Глава 22

Есть патологически жадные люди, которые превращают дом в склад вещей, которые они собирают повсюду, чтобы потом заполнить ими свое жилище. Ни разобраться, ни даже отыскать какую-нибудь вещь в этой куче, которая растет с каждым годом, невозможно. Для человека почти не остается свободного пространства. Он должен то сгибаться, чтобы пролезть в узком проходе, то искусно лавировать и изворачиваться, чтобы сверху на него не обрушились поломанные стулья, пустые банки и разная рухлядь, то совершать, подобно танцору, замысловатые прыжки, перескакивая через бесчисленные ящики и чемоданы; но расстаться с ненужными вещами он не может. Ему так жалко их, словно они стали частью его собственного тела, которую кто-то потребовал бы вдруг отсечь ножом. Для чего они ему, он и сам не знает, но действует, повинуясь своей страсти. Жить иначе он уже просто не может.

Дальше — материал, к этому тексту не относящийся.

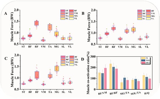 Description of lower extremity muscle force and muscle co-activation results for three different side-cutting tasks. (A) Results of toe-in muscle force. (B) Results of toe-neutral muscle force (C) Results of toe-out muscle force (note: VM, vastus medialis; BF, biceps femoris; TA, tibialis anterior; SOL, soleus; MG, medial gastrocnemius; RF, rectus femoris). (D) Results of muscle co-activation (note: H/Q, hamstrings-to-quadriceps).

С каждым днем эти кучи вещей покрываются все более толстым слоем пыли. Убрать такой дом невозможно. Человек задыхается, но терпит, не будучи в силах оторвать от себя тот или иной совершенно ненужный ему предмет. Если кто-нибудь попробует взять из этого хлама ржавый гвоздь, то это будет казаться подобному владельцу такой потерей, как если бы гвоздь был выкован из золота. А если ему посоветовать освободить дом от всех лишних вещей, убрать комнаты и оставить лишь действительно необходимое для жизни, то он ужаснется: жизнь без этих вещей покажется ему пустой и бесцельной; он будет чувствовать себя, точно его хотят превратить в последнего нищего.

Теперь предположим, что такой человек не только собирает вещи, но и запасается различными продуктами на случай голода, собирая их в своей кладовой. Они начинают портиться и гнить, так что в доме распространяется зловоние, словно в хлеву. Человек задыхается от смрада, но в то же время он доволен, он утешается тем, что голодная смерть ему уже не грозит.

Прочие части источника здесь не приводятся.